An old pirate with more salt than sense.
He stormed up to me, spitting Moorish insults and reaching for his dagger. With a swift kick to the stomach, I sent him sailing across the Casbah! Oh it felt like the old days again I could rent rooms again, with the gold rings and lapis lazuli plucked from my prey When I began drawing attention with my stolen uniform, I tracked down some appropriately sized minister and made a trade - after drinking him into unconsciousness.
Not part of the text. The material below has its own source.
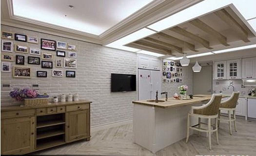 ▍大戶型廚房裝修效果圖 大戶型裝修設(shè)計(jì)效果圖 這個(gè)案子較特別的是,女主人希望能有鄉(xiāng)村風(fēng)氛圍的廚房,因此將工作檯融入廚房的規(guī)畫中,而文化石牆面、木作格柵天花與大面木紋磚地坪,在在都能表現(xiàn)鄉(xiāng)村風(fēng)的溫馨質(zhì)感,家人也可在工作檯上一起用餐,光看廚房就好有畫面。 大戶型裝修設(shè)計(jì)效果圖 周建志設(shè)計(jì)師提醒,「大坪數(shù)的空間規(guī)劃建議從家俱著手」,因?yàn)榧揖憧梢蕴舻某叽纭⒎秶容^大一點(diǎn),當(dāng)家俱定調(diào)時(shí),設(shè)計(jì)風(fēng)格就出來(lái)了,另外,在大坪數(shù)的每個(gè)空間裡,最好也都能有設(shè)計(jì)主軸跟主題。

I think he got time in the stockade before anyone could piece together his true identity But soon as these French soldiers and ministers had the run of the place, they were thrown in disarray! Not by the moors, but by their own homeland!
While they'd been covering themselves in glory in Algiers, they're king had been deposed. For the second time, I might add! One night I'd walked beneath the Casbah, seeing French uniforms keeping the locals under heel, and next they were all sailing away to be replaced by migrants who freely mixed with all the moors, went native in coffee shops and around water pipes.
A shock, certainly, but I followed suit to keep up the appearance of being just another occupier. It was then I acquired my smoking habit, the Moorish hookah providing all the chummy warmth of the tavern or public house without my having to feign interest in wine.
Ah, how the brutality of war is forgotten! Or not forgotten, not on every side But those French, so different from the mad bastards who'd stormed across Germany and battered Besancon and You know, they didn't just mingle with the moors?
No, invited them into the business of the white man. Let them join their Armee d'Afrique!